On Mon, Jan 2, 2017 at 3:05 PM, Mark Phillips
<mark phillipsmarketing biz> wrote:
After I sent my last email, I tried successive versions of Meld until I found the latest version I could 
run with my version of GTK+. I am able to run meld 3.14.1 as meld 3.15 requires the updated GTK+ files. 
With this version I get the exact same error as with 3.12. Maybe it was fixed in a version after 3.14.1?

The change I found was definitely 3.13.0, so it's definitely possible
that you're hitting a different issue. Could you please file a bug
with whatever information you have? Specifically, any details of
permissions, extended attributes, filesystems, etc. would be good.

On Mon, Jan 2, 2017 at 3:08 PM, Mark Phillips
<mark phillipsmarketing biz> wrote:
A small postscript to my last email. Would it be possible to build the latest version of meld with my older 
GTK+ library on my machine?

Meld doesn't actually build/link against anything; we import whatever
pygobject bindings we get from your default Python path, and whatever
they have been linked against is the GTK+ version you'll get. I'm not
sure what you're trying to do here though.

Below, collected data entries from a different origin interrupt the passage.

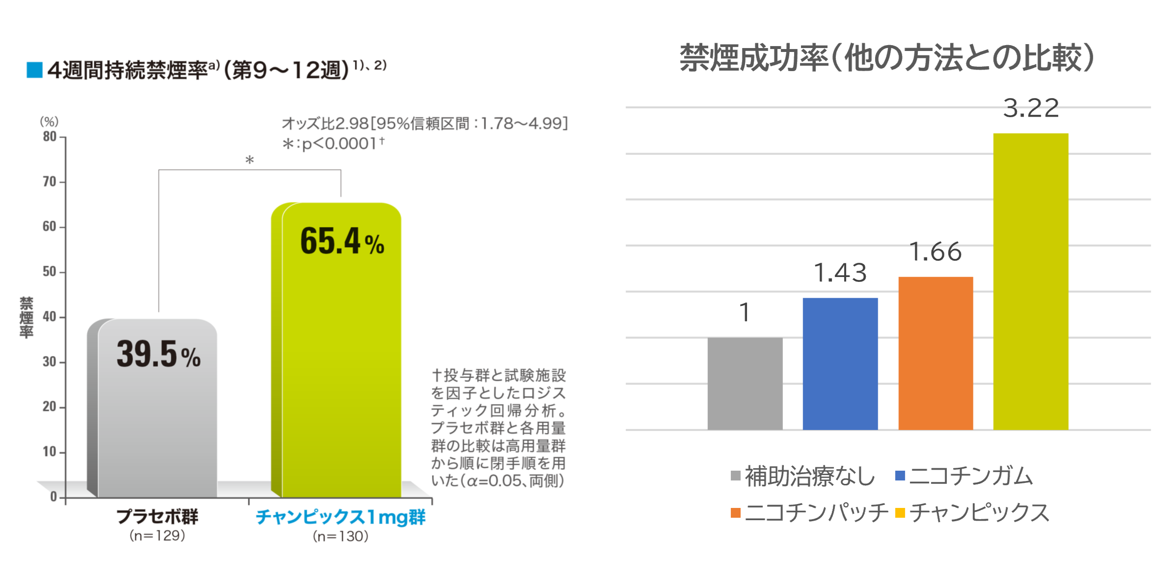 ・他の方法(ニコチンパッチやニコチンガム)と比較するとチャンピックスを使用した方が禁煙成功率は有意に高くなります。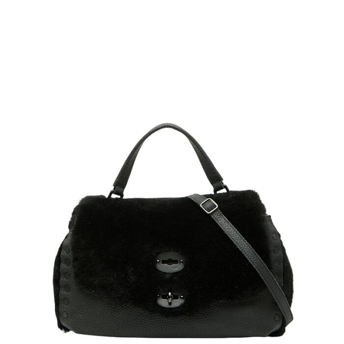 ザネラート ポスティーナ S ハンドバッグ ショルダーバッグ 2WAY ブラック レザー ムートン レディース ZANELLATO 【中古】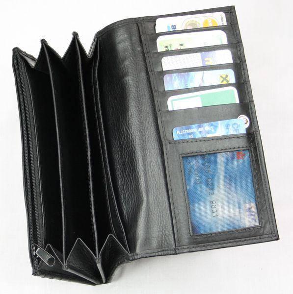 dámská psaníčková kožená peněženka s klopnou Kód zboží: 511-7233-47 Popis: 3 přihrádky na bankovky 1 zipová kapsa na mince 6 kapes na kreditní karty 3…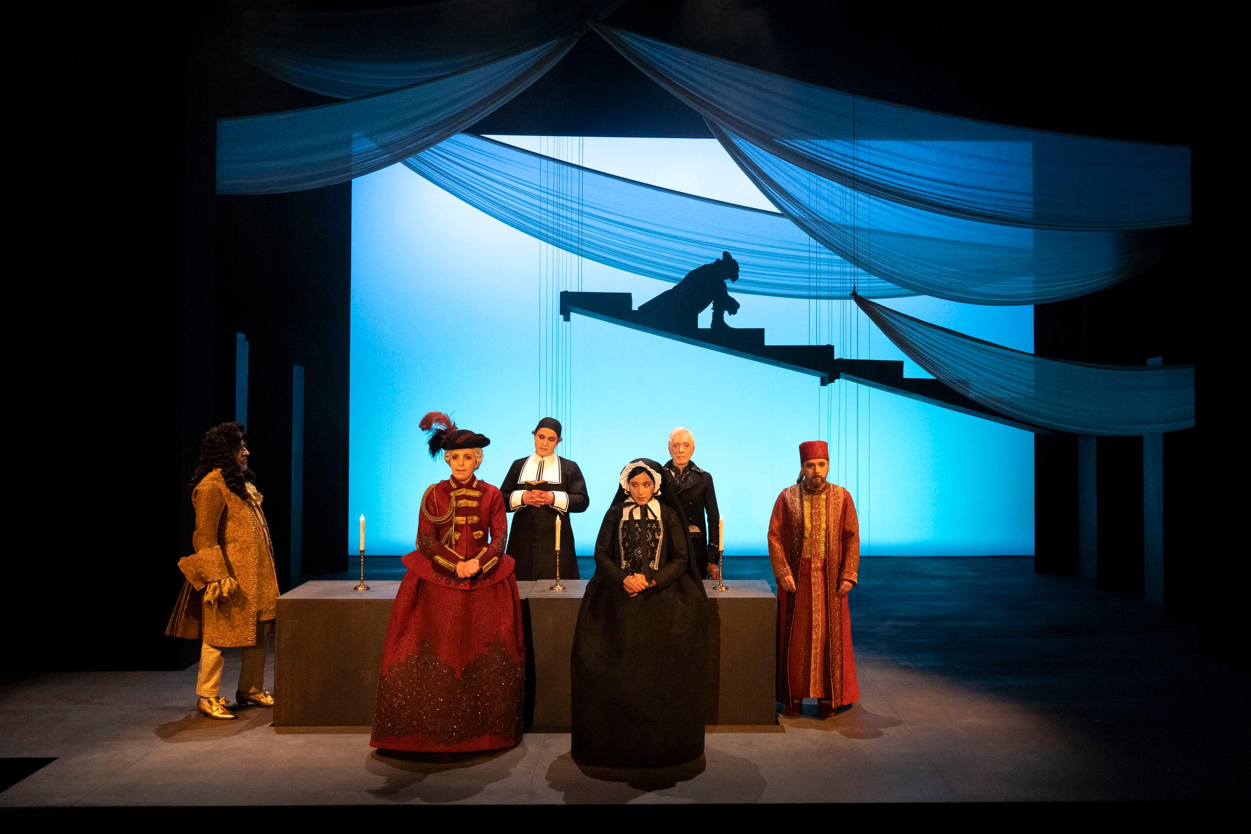 Ecco perché vedere questa seconda produzione del Piccolo per il 2023 porta gli spettatori a entrare nella scena, come quando si è divorati dalle pagine di un libro che ci coinvolge, in questo caso per la sua delicatezza e profondità insieme. La scena si apre su una tavola vuota. Piano piano entrano i commensali, con i loro ricchi costumi. Siamo nel 1767, epoca in cui Calvino ambientò il suo Barone Rampante: il Barone Arminio, (Mauro Avogadro che interpreterà numerose altre parti minori nel corso dello spettacolo, come anche tutti gli altri attori), Cosimo Piovasco di Rondò, figlio del Barone di Rondò nonché riverito signore di Ombrosa (il protagonista, Francesco Santagada), Biagio, il fratello del protagonista (interpretato da Giovanni Battaglia), il Cavaliere Avvocato (Nicola Bortolotti), l’Abate (Michele dell’Utri), e la madre Generalessa (Diana Manea). Cosimo, dodicenne all’inizio del racconto, si rifiuta di mangiare le lumache scatenando l’ira del padre e della madre: scappa rifugiandosi in giardino sugli alberi. Da qui non scenderà più.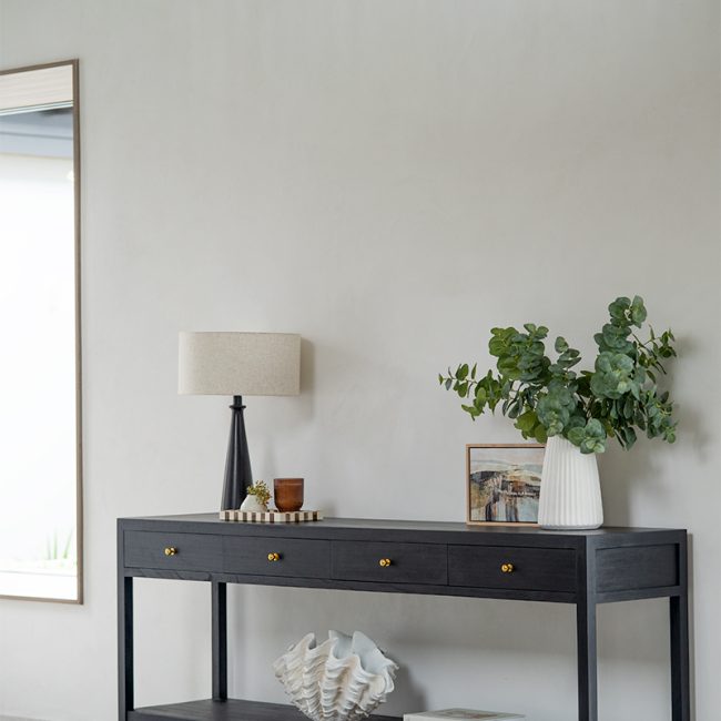 The Camden Console Table brings together refined craftsmanship and natural texture, creating a statement piece that feels both grounded and elevated. Handcrafted from solid mahogany and finished in a deep black tone, it offers a bold, timeless foundation suited to a range of interiors.

On 3 January 2017 at 08:12, Mark Phillips <mark phillipsmarketing biz> wrote:
Sorry, another question. Is there a way to do some sort of checksum test for equality on the files in a 
directory? Better yet, some checksums of smaller blobs in the file? All my files are media (mp4, avi, mkv 
etc.) files.

There isn't. I experimented a while ago with doing checksums instead
of reading the whole contents, and it made very little performance
impact.

Since I only have date and file name as the file comparison, they still show as different (permissions or 
something) across the two drives. However, I am assuming the files are the same if the file names are the 
same. However, it would be better to have some sort of checksum on parts of the file to make sure the are 
really the same. For example, one video file could by playable and another one with the same name may be a 
bad video file.

So it sounds like you're suggesting sampling parts of a file to get
checksums? That sounds interesting, but honestly I think it's beyond
the scope of what Meld is designed to do.